It is frightening to be so in need of forgiveness, while unable to offer it.
Are you ever saddened by sleeplessness, with its images of what is real,
so not even your manufactured filters can alter or are able to soften it?
Or have you been, unlike me, allowed somehow your rage to heal?
Could I walk with you, through a memory or two, never once laying a finger on you.
if I promise not to cry, could you somehow find a smile for me?
Could I sing to you one of a hundred love songs, hoping the melody rings through,
or is it only the hat in the dustbin of the past that you find in style for me?
I much too often know too much in way too short a time after
the real usefulness of it is worn out from too much heat, too little kindness.

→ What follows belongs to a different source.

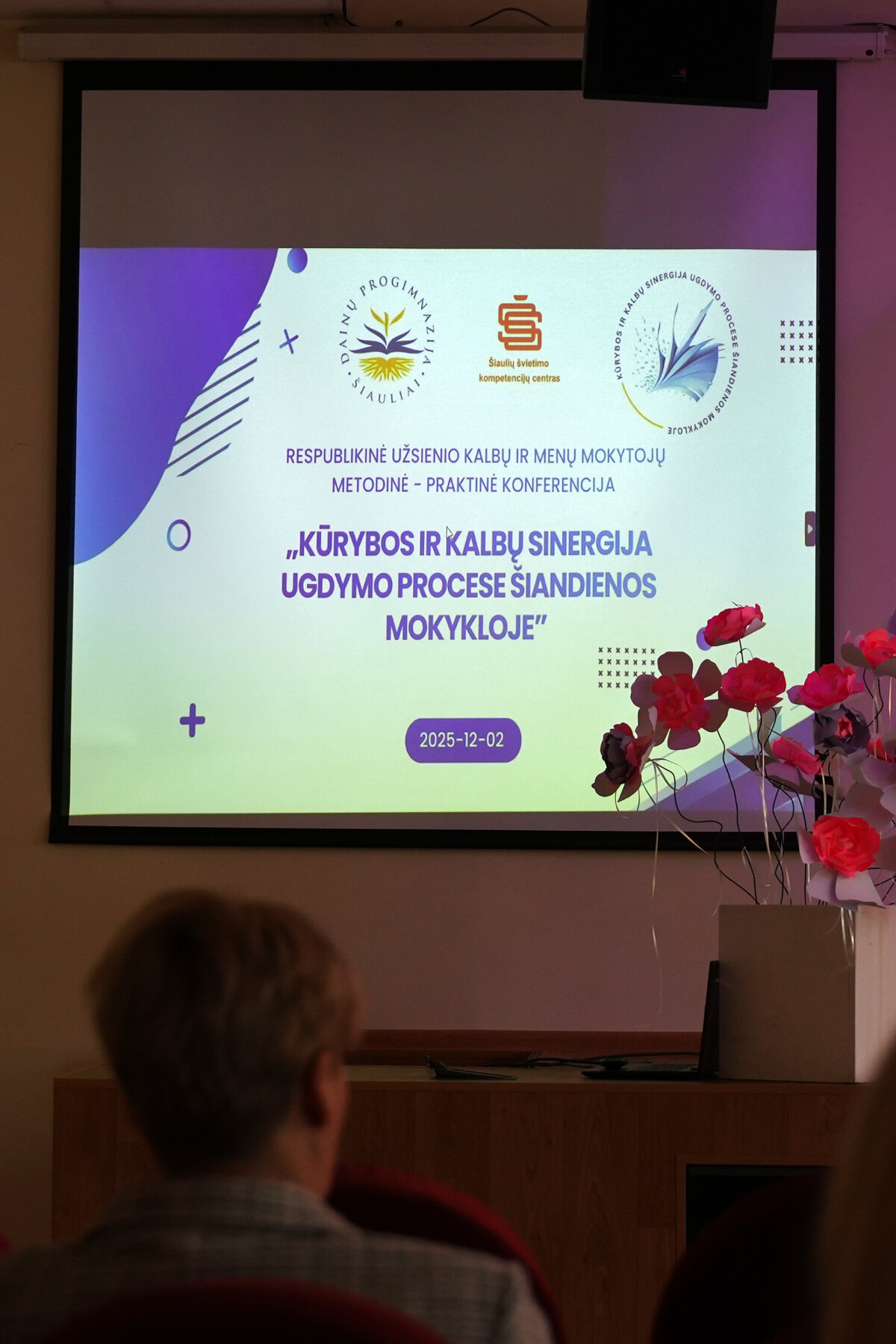 2025 m. gruodžio 2 d. Šiaulių Dainų progimnazijoje vyko respublikinė užsienio kalbų ir menų mokytojų mišri (kontaktinė ir nuotolinė) metodinė–praktinė konferencija „Kūrybos ir kalbų sinergija ugdymo procese šiandienos mokykloje“. Konferencija organizuota bendradarbiaujant kartu su Šiaulių švietimo kompetencijų centru. Renginys subūrė net 98 dalyvius iš įvairių Lietuvos ugdymo įstaigų, o konferencijos tikslas buvo skleisti aktualią metodinę patirtį, pristatyti inovatyvius kalbų ir meno integracijos modelius, aptarti šiuolaikinės mokyklos iššūkius ir ugdymo kaitos kryptis.

The crooked brainwaves, left ignored, up in the mind’s dusty rafters,
stuffed there by unthinking fools, each with their own little blindness.
A page of the binder left behind by everyday people, meant for her,
is filled edge to edge with a drawing of her, barely within a borderline.
Something outside of this scribbling has many times sent for her
and left a path of dead petals at random disorderly times.
Till she is back where she never has been, but has always meant to go;
there are paragraphs slipped in between, and at the end where none should be.
Fortitude has none to be looked at, Gratitude has none that it will show;
If some puny jesus parlor tricks could get her there, then there she would be.
Well then allright, sure, maybe one day resolution will come down to me,
like hearing the lightning and seeing the thunder, in the big city of Alone.
The generations of fools’ Ancestors shake their heads, having found me,
and left my soul and resolve stripped to the bone.